At first, it was mostly a carryout with just one long bar table on the first floor. 

"The first time my husband and I went, he had a few high-back seats on the first floor. We wanted drinks and he said, ‘I don't have any, but you can go over to CVS and get it,' so we did," Irwin said. "We chatted about the business and the community. After we paid, I think we stayed and talked for 15 or 20 minutes. I looked forward to going back, and we did several times."

Wesley remembered when Evans hired people to march along nearby Vine Street carrying a sign advertising his restaurant. When they walked past Frisch's, the manager got angry and came to the pizzeria, and the manager and Evans had words, Wesley said.

"Rich said it was pretty bad when a big restaurant like Frisch's was worried about a little shop like his," Wesley said. "He was a go-getter."

Last year, Evans started renovating the attic and eventually turned it into a dining room with seating for 35.

"Rich loved his family and I think that's why he was so determined to have a comfortable place where families could come and have a good meal," Wesley said.

Murray said Evans enjoyed taking his family to other "mom-and-pop" restaurants where they could get good, healthy food and he could talk to the owner and manager about their business.

"They ate healthy. The children were always well-dressed and well-mannered. They were absolutely delightful. They were home-schooled. You could see they were products of good parenting," she said.

Wesley said Evans started cutting back his business hours when his second and third children were born. At the time of the shooting, the pizzeria was open 4-8 p.m. five nights a week and 4-9 on Saturday.

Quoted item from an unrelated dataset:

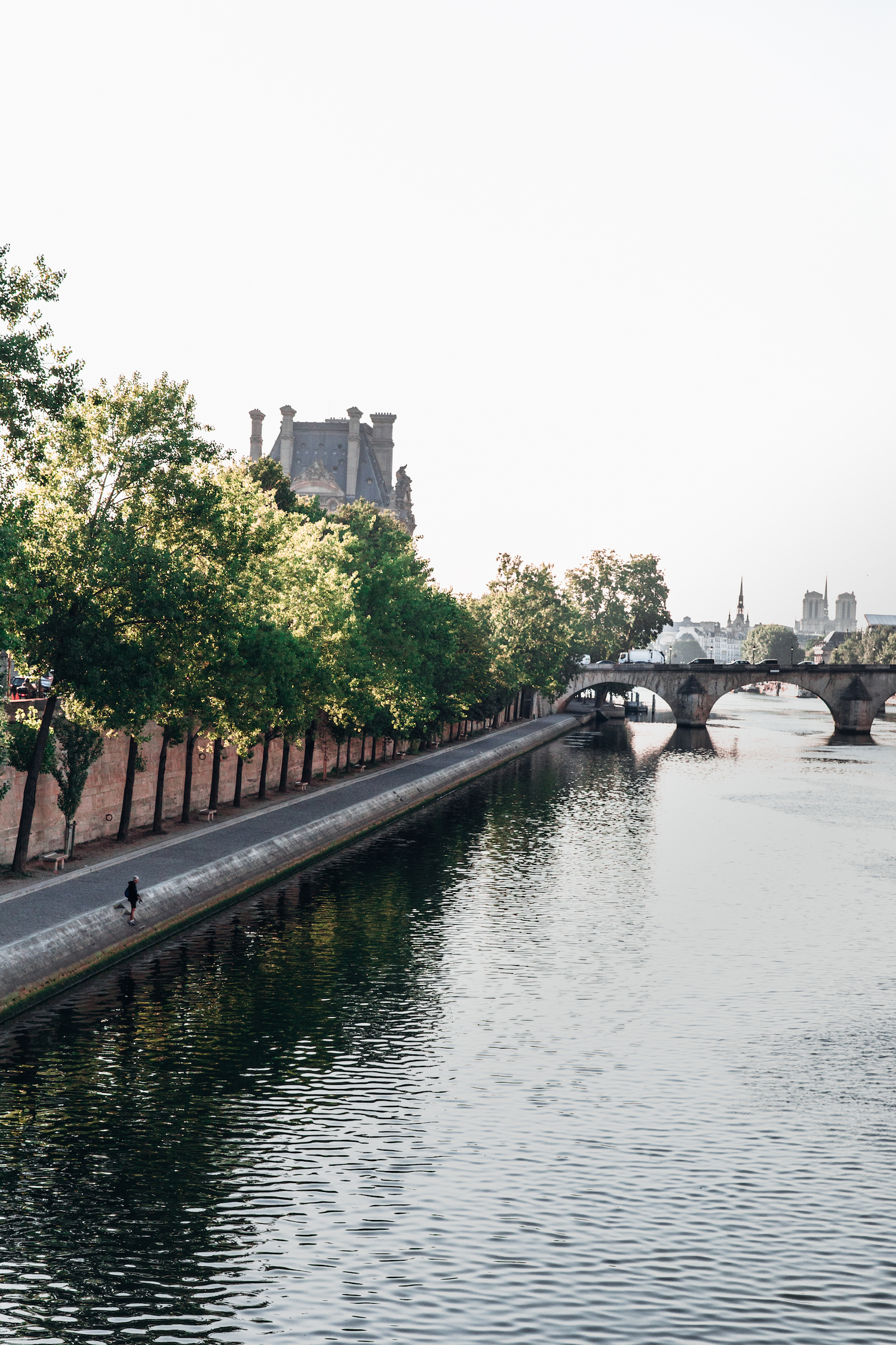 Fishing on the Seine river at 7 am with Le Louvre and Notre Dame in the backdrop

"The kids were always in the back room playing with toys," said Fields. "The back room was visible from the kitchen so they were never out of his sight. Plus, he had a camera in there."

Evans' wife and kids – ages 8, 5 and 18 months – were in the restaurant when the shooting took place. His wife and kids were not hurt.

Wesley said Evans' older kids used to stand near his chain-link fence and call to his dogs, a pit bull and a Chihuahua. A few days after the shooting,  the 8-year-old boy was standing there again and spoke to Wesley.

"I made my dad a birthday card, but somebody shot him," the boy said.

"That tore me up," Wesley said, standing in his driveway a few feet from the restaurant.

"I always thought Rich would be here as long as I would."